§ **Information provided**

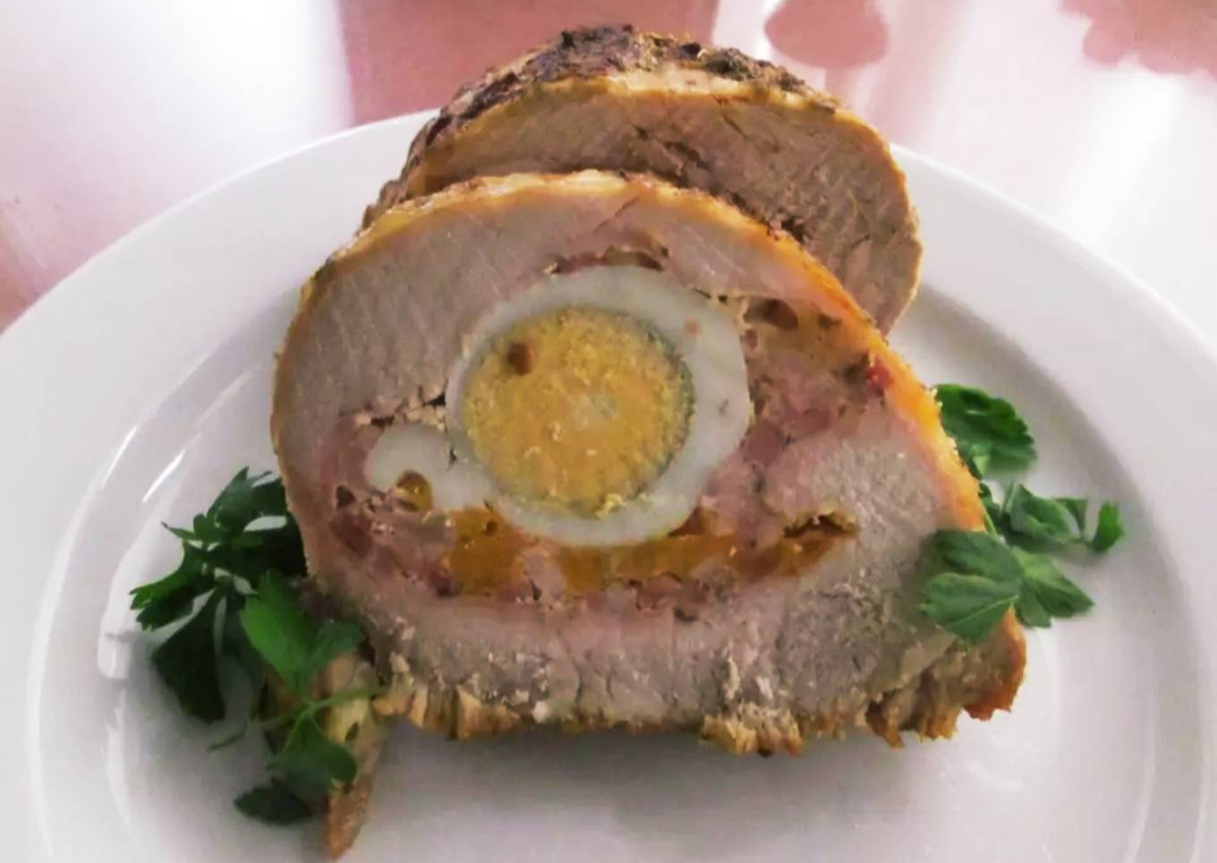 Lomo de cerdo relleno de queso, beicon y huevo
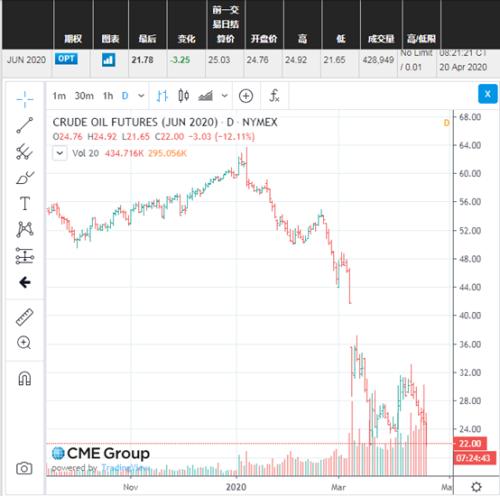 北京时间4月20日晚间,市场传出国际油价暴跌39%,跌至11美元一桶。记者查阅相关交易所报价终端发现,价格大跌的合约为纽约商品交易所的西德克萨斯原油(WTI)期货5月合约,盘中跌幅一度超过40%。该合约将于美东时间周二到期,WTI原油主力合约于2020年4月19日转入2020年6月合约。截至美东时间20日9时30分(北京时间20日21时30分),6月合约价格21.78美元,下跌12.31%。
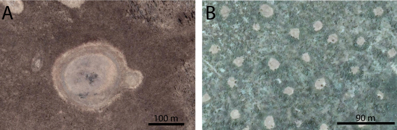 Des scientifiques d’ISTerre [4], l’un des laboratoires de la fédération OSUG, ont mis en évidence que la plupart des concentrations élevées en hydrogène mesurées jusqu’alors en contexte continental, se situaient à proximité de gisements d’or [5] . A l’aide d’images satellites, ils ont aussi découvert la présence de structures géomorphologiques communément associées à des émanations de gaz (H2 et CO2) à proximité de 32 gisements d’or à travers le monde. Ces structures sont des dépressions circulaires dépourvues de végétation et de taille variable allant de quelques mètres à plusieurs kilomètres (Figure 1A). Une étude statistique des plus petites structures a montré une organisation en motifs hexagonaux périodiques (Figure 1B). Cette dernière propriété est caractéristique des cercles de fées, des curiosités géomorphologiques jusqu’alors principalement observées en Namibie et dont l’origine était attribuée à des processus exclusivement écologiques. Les minéralisations d’or sont généralement associées à des niveaux riches en carbonates de fer. Sur cette base, les scientifiques ont proposé un modèle géochimique de production d’hydrogène à partir de la dissolution des carbonates de fer, tel que cela a déjà pu être démontré expérimentalement par le passé [6]. La formation des structures géomorphologiques résulterait alors de la dissolution des carbonates de fer et de la diminution du volume de la roche associée. L’H2 et le CO2 ainsi produits pourraient ensuite directement ou indirectement affecter le développement de la végétation au sein de la structure.
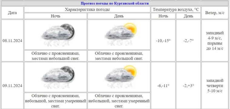 «Прогноз погоды в Курганской области на 8 ноября. Температура ночью минус 15 градусов. Местами небольшой снег. Ветер западный до 14 метров в секунду», — говорится на сайте Курганского ЦГМС. Три дня назад синоптики прогнозировали ночью 8 ноября 13-градусные морозы.

§ **Exercise directions**
Only lines go in the copy, not pictures. Transcribe exactly from the start of the listing through the line containing "北京时间4月20日晚间,市场".

§ **Response to the exercise**
 Lomo de cerdo relleno de queso, beicon y huevo
 北京时间4月20日晚间,市场传出国际油价暴跌39%,跌至11美元一桶。记者查阅相关交易所报价终端发现,价格大跌的合约为纽约商品交易所的西德克萨斯原油(WTI)期货5月合约,盘中跌幅一度超过40%。该合约将于美东时间周二到期,WTI原油主力合约于2020年4月19日转入2020年6月合约。截至美东时间20日9时30分(北京时间20日21时30分),6月合约价格21.78美元,下跌12.31%。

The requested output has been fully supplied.